Bisnis.com, SURAKARTA – Prospek pertumbuhan ekonomi daerah diprediksi masih cukup stabil, kendati sampai kuartal II/2019 sebagian besar menunjukkan pelemahan.
Sinergi dari pemangku kebijakan sangat penting untuk menjaga stabilitas dan roda perekonomian tetap sejalan dengan ekspektasi pemerintah.
Dalam Laporan Nusantara Agustus 2019 terbitan Bank Indonesia disebutkan bahwa pertumbuhan ekonomi di sebagian besar daerah menunjukkan penurunan.
Sumatra misalnya, tiga daerah utama penopang perekonomian yakni Riau, Sumatra Utara, dan Aceh pertumbuhannya selama kuartal II/2019 relatif lebih rendah dibandingkan dengan kuartal I.
Kondisi berbeda terjadi di wilayah Jawa minus Banten, pertumbuhan di tiga provinsi penggerak ekonomi utama yakni Jawa Barat, Jawa Timur, dan Jawa Tengah masih menunjukkan pergerakan yang relatif stabil.

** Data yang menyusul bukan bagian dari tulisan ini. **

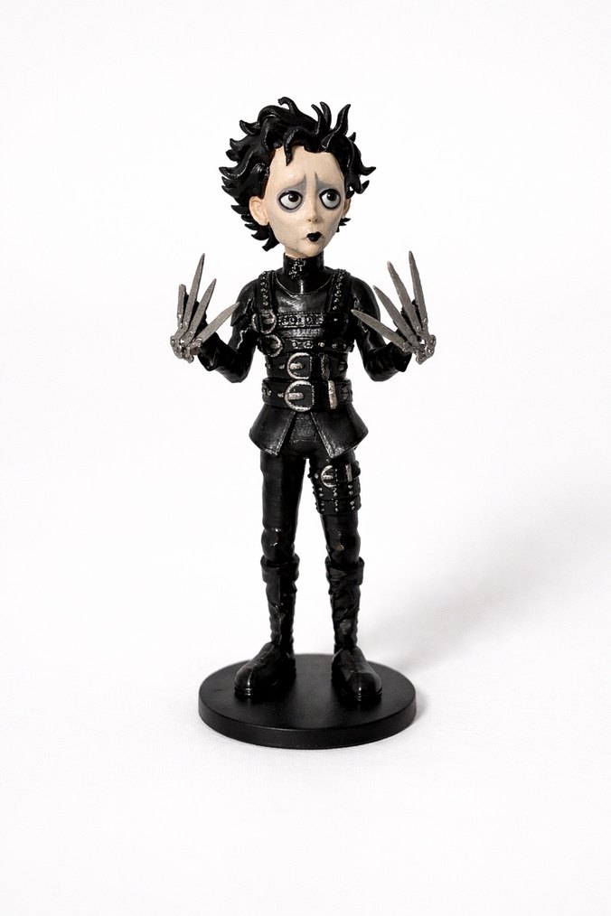 Siyah aksiyon figürü, detaylı koyu saçları ve makas elleriyle Edward Scissorhands karakterini yuvarlak bir taban üzerinde gösterir. ✂️ ürün 3D printer ile basılmış olup akrilik boya ile boyanarak vernik işlemi uygulanmıştır. Bir tane parmağı kırıktır görsellerde gözükmektedir.

Endy Dwi Tjahjono, Kepala Grup Sektoral dan Regional Departemen Ekonomi dan Kebijakan Moneter Baank Indonesia menjelaskan, di beberapa wilayah di atas terutama Sumatra, pelambatan pertumbuhan tersebut disebabkan anjloknya harga komoditas.
Seperti diketahui, sejak awal tahun ini, sejumlah harga komoditas sumber daya alam misalnya minyak bumi, sawit, hingga batu bara menunjukkan penurunan harga. Kondisi ini berimplikasi pada pertumbuhan ekonomi di daerah-daerah yang memiliki keterkaitan dengan sektor atau jenis komoditas tertentu.
“Hanya karet saja yang harganya memang bagus,” kata Endy dalam Seminar Deseminasi Laporan Nusantara di Surakarta, Jawa Tengah, Jumat (20/9/2019).
Kendati ada tren pelambatan di beberapa daerah. Namun, Endy masih cukup optimistis pertumbuhan ekonomi sampai akhir tahun akan terakselerasi seiring dengan efektivitas kebijakan yang kini diterapkan.
Di Sumatra, outlook pertumbuhan selama 2019 diperkirakan berada pada angka 4.5% - 5%. Kinerja pertumbuhan tersebut didorong oleh peningkatan ekspor daerah untuk program B20 dan DMO batu bara.
Sementara itu, pertumbuhan ekonomi Jawa akan relatif stabil, seiring dengan prospek perbaikan investasi pada paruh kedua 2019.
Namun demikian, berbeda dengan Sumatra dan Jawa, pertumbuhan wilayah Sulawesi, Maluku dan Papua diperkirakan melambat cukup dalam akibat kontraksi produksi dan ekspor tembaga Papua, meski diperkirakan temporer.
Dengan peta pertumbuham tersebut, bank sentral menekankan pentingnya kolaborasi antara otoritas terkait baik itu dari sisi pemerintah daerah, investasi, fiskal, maupun moneter untuk terus mendorong ekonomi.
Dari sisi moneter, bank sentral telah tiga kali melonggarkan suku bunga. Penurunan suku bunga ini menjadi sinyal dari Bank Indonesia untuk mendorong pertumbuhan ekonomi.
Selain suku bunga, dari sisi makroprudensial BI juga memangkas rasio loan to value (LTV) untuk kendaraan bermotor dan properti, termasuk dalam kebijakan tersebut adalah penyempurnaan rasio intermediasi makroprudensial (RIM) syariah.
Relaksasi moneter maupun makroprudensial dimaksudkan untuk menggerakan konsumsi yang pada akhirnya akan mendorong investasi di sektor-sektor tertentu kembali menggeliat.
“Cuma memang kebijakan moneter memang cukup lama untuk mendorong pertumbuhan. Karena itu harus diikuti oleh kebijakan lainnya, misalnya dari aspek fiskal,” kata Endy.
Sejumlah kebijakan misalnya terkait insentif fiskal atau kebijakan-kebijakan yang ditujukan untuk mendorong investasi perlu segera ditindaklanjuti dengan peraturan-peraturan teknis lainnya. Harapannya dengan makin cepat aturan teknis keluar, implikasi dari kebijakan yang diterbitkan pemerintah makin optimal.